## Dataset items
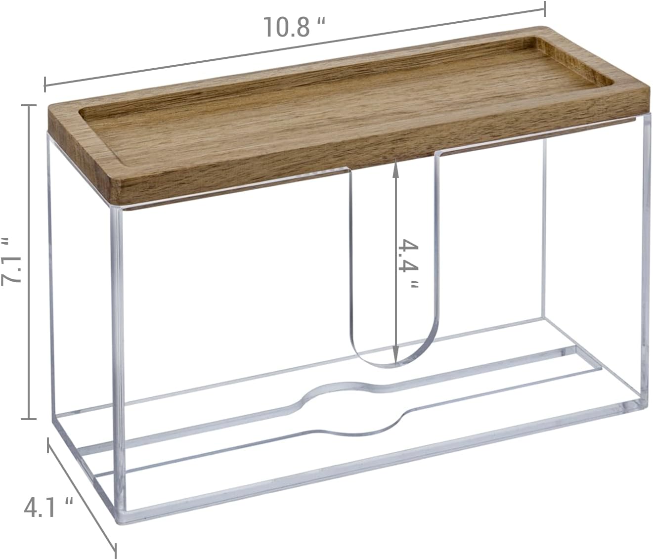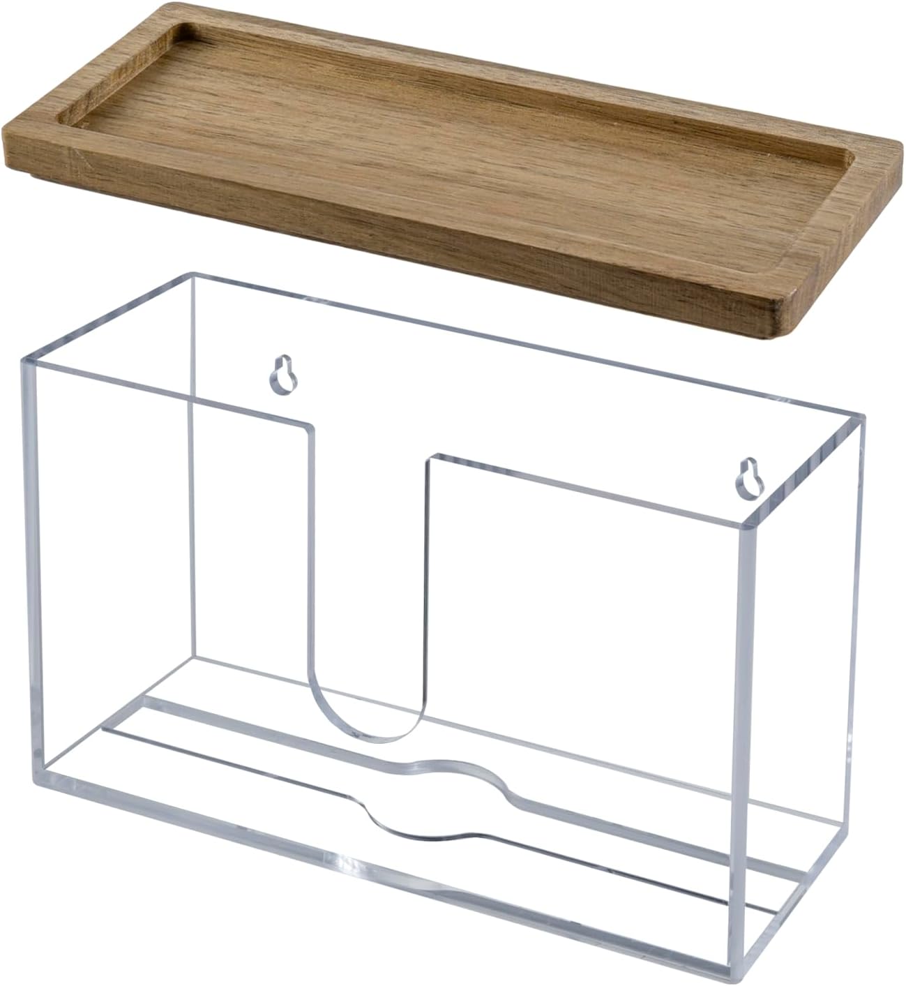 MyGift Deluxe Modern Metal Folded Commercial Paper Towel Holder with Rustic Burnt Solid Wood Tray Lid, Wall Mounted Trifold Multifold Z Fold Disposable Napkin Dispenser (Acrylic & Acacia Wood)
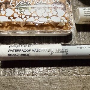 This set includes a variety of beauty products such as eyeshadow pallet, eyelashes, lip balm, black waterproof mascara, shining eyeshadow pallet and pink accessories. Perfect for enhancing your makeup collection. All new, Never used.
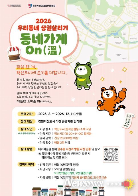 뉴스펀치 조평훈 기자 | (재)강원혁신도시발전지원센터에서는 강원혁신도시 이전 공공기관 임직원을 대상으로 지역 상권 활성화를 위한 ‘2026 우리동네 상권살리기 동네가게 On(溫)’사업을 추진한다고 밝혔다.
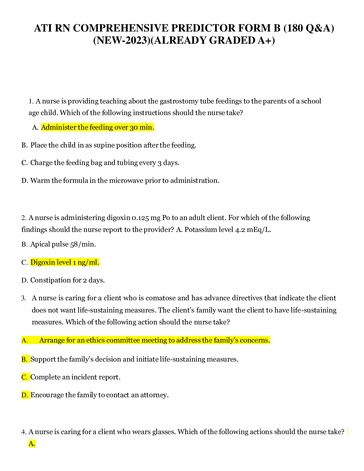ATI RN COMPREHENSIVE PREDICTOR FORM B (180 Q&A) (NEW-2023)(ALREADY GRADED A+)
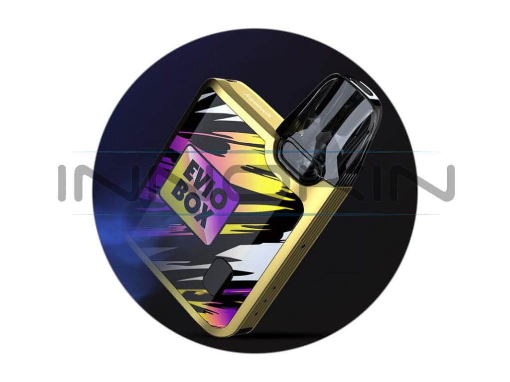 Joyetech EVIO Box Pod Kit je novým přírůstkem do rodiny zařízení EVIO od výrobce Joyetech. Přichází s kompaktním zpracováním, hned dvěma odlišnými konstrukcemi a řadou výhod v čele s prvotřídním čipem s technologií AST. Nesmí chybět také vynikající podání chuti, nebo třeba dvě metody spínání potahu. Joyetech EVIO Box Pod Kit v sobě ukrývá mnohem víc, než se může na první pohled zdát. Celé tělo disponuje rozměry jen 75 x 49 x 14 mm. E-cigaretu proto snadno schováte do kapsy a můžete si ji vzít kamkoliv s sebou. K dispozici je ve verzi ze zinkové slitiny s hmotností 80 g, nebo ve verzi z polykarbonátu s váhou pouhých 41,5 g. Uvnitř těla se nachází integrovaná baterie s kapacitou 1000 mAh, která se postará při běžném provozu až o celodenní výdrž. V případě potřeby je pak možné baterii rychle dobít. Při dobíjení proudem 2 A se zvládne dobít již za 30 minut.
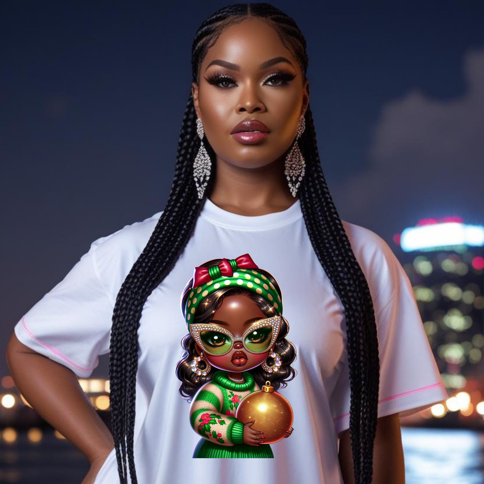 Glossy, luxurious, and hyper-detailed chibi illustrations featuring Black girls in festive holiday outfits — each rocking unique holiday accessories, cozy sweaters, and oversized glam glasses.
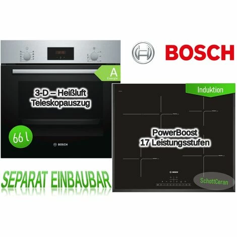 HERDSET Bosch Backofen mit Induktionskochfeld mit Bräterzone Facette 60 cm autark + 3D-Heißluft
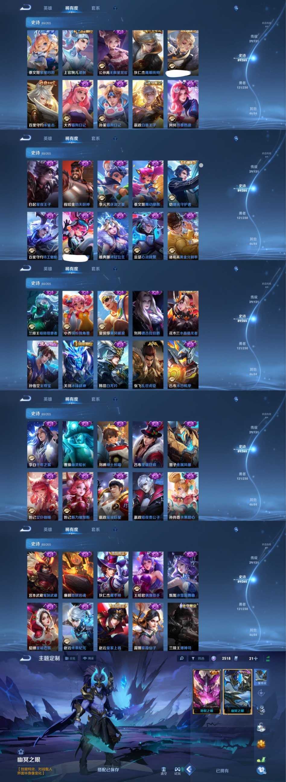 限制: 租号1次及以上 | 撤单率<49%才可租用此帐号装备描述:时间到了还登录白玩或者顶号全部改密拉黑处理永不解除,顶号机器会秒禁玩改密,顶号不仅拉黑还没得玩,赚三两块不容易,请理解谢谢。 ❤❤❤❤❤❤❤❤❤❤❤❤❤❤❤❤❤❤❤ 请勿开挂,挂机,送头,骂人,撤单后游戏等如有违规永久拉黑永不解除。 重置二级密码不要费劲了,号主每天都会上号查看,多行不义必自毙,人在做天在看,多做好事多自律,少做缺德事。 该号英雄127个皮肤314个,典藏1个,无双1个,星传说1个,传说33个,史诗95个,祝您游戏愉快~
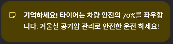 타이어는 차량 안전의 70%를 좌우하므로 특히 겨울철에는 관리가 더욱 중요합니다.
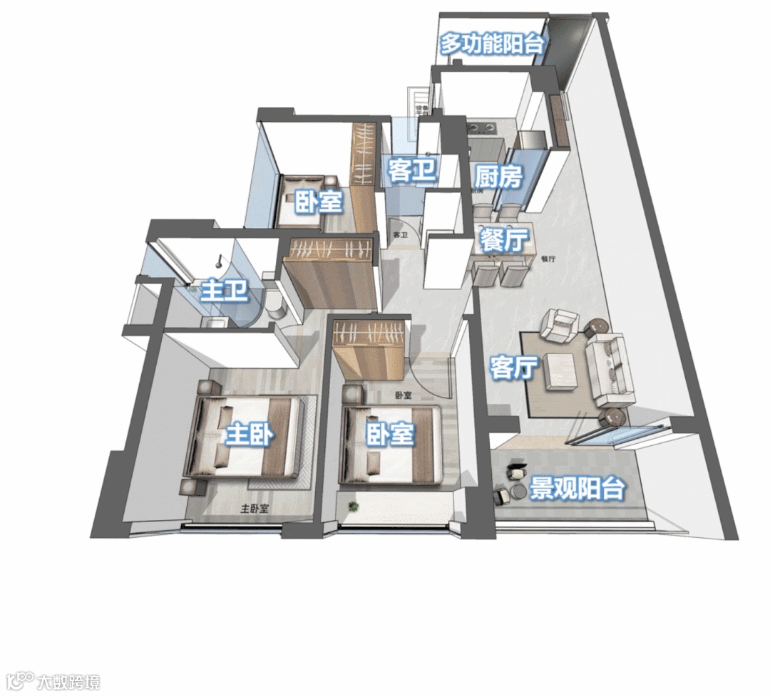 88㎡竖厅3+1房,整个户型通透明亮,科学布局,动静分离。多一房设计,可改造成书房、健身房、儿童游乐室等,给家人带来更多幸福生活体验。
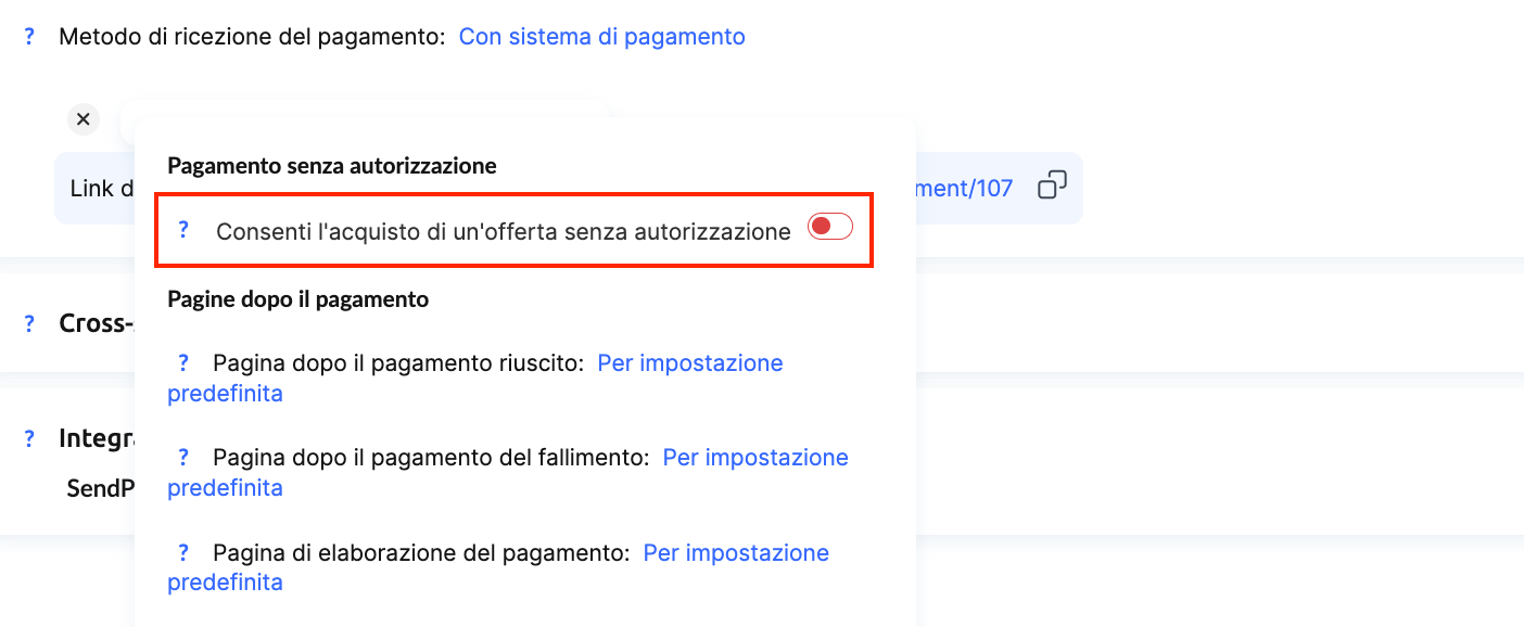 Le impostazioni dell’offerta consentono ai clienti di effettuare pagamenti senza autorizzazione. Ciò significa che il cliente paga prima e solo successivamente può accedere.
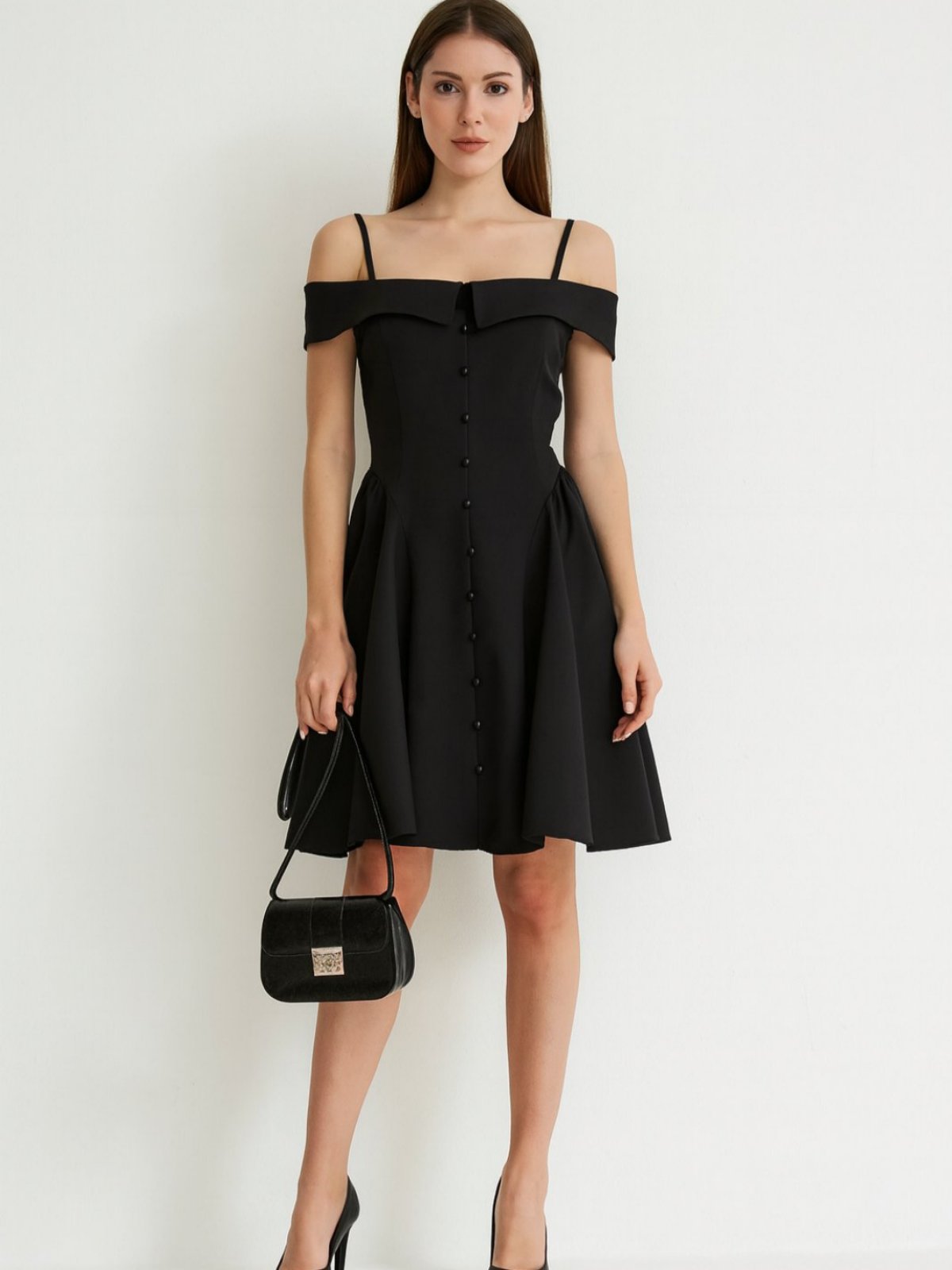 Краток црн фустан со во вид на косет во горниот дел со тенки прилагодливи рамки и паднати мини ракави. Тесен до струкот и потоа надолу раскроен со декоративни копчиња на предниот дел.

## WHAT YOU SHOULD DO
Repeat all of the records verbatim, leaving out the pictures.

## SOLUTION FOR THIS PROBLEM
 MyGift Deluxe Modern Metal Folded Commercial Paper Towel Holder with Rustic Burnt Solid Wood Tray Lid, Wall Mounted Trifold Multifold Z Fold Disposable Napkin Dispenser (Acrylic & Acacia Wood)
 This set includes a variety of beauty products such as eyeshadow pallet, eyelashes, lip balm, black waterproof mascara, shining eyeshadow pallet and pink accessories. Perfect for enhancing your makeup collection. All new, Never used.
 뉴스펀치 조평훈 기자 | (재)강원혁신도시발전지원센터에서는 강원혁신도시 이전 공공기관 임직원을 대상으로 지역 상권 활성화를 위한 ‘2026 우리동네 상권살리기 동네가게 On(溫)’사업을 추진한다고 밝혔다.
ATI RN COMPREHENSIVE PREDICTOR FORM B (180 Q&A) (NEW-2023)(ALREADY GRADED A+)
 Joyetech EVIO Box Pod Kit je novým přírůstkem do rodiny zařízení EVIO od výrobce Joyetech. Přichází s kompaktním zpracováním, hned dvěma odlišnými konstrukcemi a řadou výhod v čele s prvotřídním čipem s technologií AST. Nesmí chybět také vynikající podání chuti, nebo třeba dvě metody spínání potahu. Joyetech EVIO Box Pod Kit v sobě ukrývá mnohem víc, než se může na první pohled zdát. Celé tělo disponuje rozměry jen 75 x 49 x 14 mm. E-cigaretu proto snadno schováte do kapsy a můžete si ji vzít kamkoliv s sebou. K dispozici je ve verzi ze zinkové slitiny s hmotností 80 g, nebo ve verzi z polykarbonátu s váhou pouhých 41,5 g. Uvnitř těla se nachází integrovaná baterie s kapacitou 1000 mAh, která se postará při běžném provozu až o celodenní výdrž. V případě potřeby je pak možné baterii rychle dobít. Při dobíjení proudem 2 A se zvládne dobít již za 30 minut.
 Glossy, luxurious, and hyper-detailed chibi illustrations featuring Black girls in festive holiday outfits — each rocking unique holiday accessories, cozy sweaters, and oversized glam glasses.
 HERDSET Bosch Backofen mit Induktionskochfeld mit Bräterzone Facette 60 cm autark + 3D-Heißluft
 限制: 租号1次及以上 | 撤单率<49%才可租用此帐号装备描述:时间到了还登录白玩或者顶号全部改密拉黑处理永不解除,顶号机器会秒禁玩改密,顶号不仅拉黑还没得玩,赚三两块不容易,请理解谢谢。 ❤❤❤❤❤❤❤❤❤❤❤❤❤❤❤❤❤❤❤ 请勿开挂,挂机,送头,骂人,撤单后游戏等如有违规永久拉黑永不解除。 重置二级密码不要费劲了,号主每天都会上号查看,多行不义必自毙,人在做天在看,多做好事多自律,少做缺德事。 该号英雄127个皮肤314个,典藏1个,无双1个,星传说1个,传说33个,史诗95个,祝您游戏愉快~
 타이어는 차량 안전의 70%를 좌우하므로 특히 겨울철에는 관리가 더욱 중요합니다.
 88㎡竖厅3+1房,整个户型通透明亮,科学布局,动静分离。多一房设计,可改造成书房、健身房、儿童游乐室等,给家人带来更多幸福生活体验。
 Le impostazioni dell’offerta consentono ai clienti di effettuare pagamenti senza autorizzazione. Ciò significa che il cliente paga prima e solo successivamente può accedere.
 Краток црн фустан со во вид на косет во горниот дел со тенки прилагодливи рамки и паднати мини ракави. Тесен до струкот и потоа надолу раскроен со декоративни копчиња на предниот дел.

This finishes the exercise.